3. What is Regularization in Logistic Regression and why is it needed?
   - Regularization in Logistic Regression is a technique used to prevent overfitting by adding a penalty to the loss function based on the magnitude of the model's coefficients. In simple terms, it discourages the model from relying too heavily on any one feature by keeping the weights (coefficients) small.

When a model becomes too complex—especially if there are many features—it might fit the training data very well but perform poorly on new, unseen data. This is known as overfitting. Regularization addresses this problem by adding a term to the loss function that increases as the coefficients become larger.
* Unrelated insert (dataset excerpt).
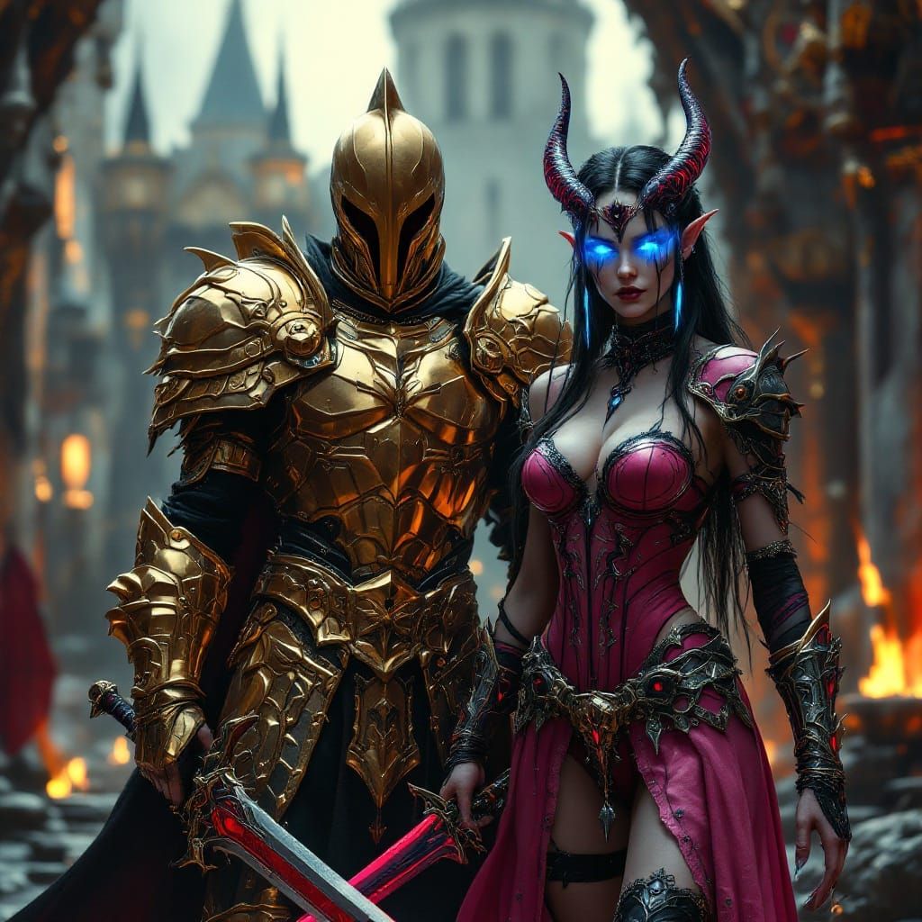 This image shows a goth barbarian and elf rogue in combat poses. They wear ornate armor and wield weapons against a mystical castle backdrop. The scene blends dark fantasy with futuristic elements as digital art.

There are two common types of regularization used in Logistic Regression:

 - L1 Regularization (Lasso) – Adds the absolute values of the coefficients to the loss function. It can shrink some coefficients to exactly zero, effectively performing feature selection.

 - L2 Regularization (Ridge) – Adds the square of the coefficients to the loss function. It penalizes large weights but does not usually shrink them to zero.

Regularization is needed to improve the generalization ability of the model, ensuring it performs well not just on the training data but also on unseen data. It makes the model more stable and less sensitive to noise or irrelevant features.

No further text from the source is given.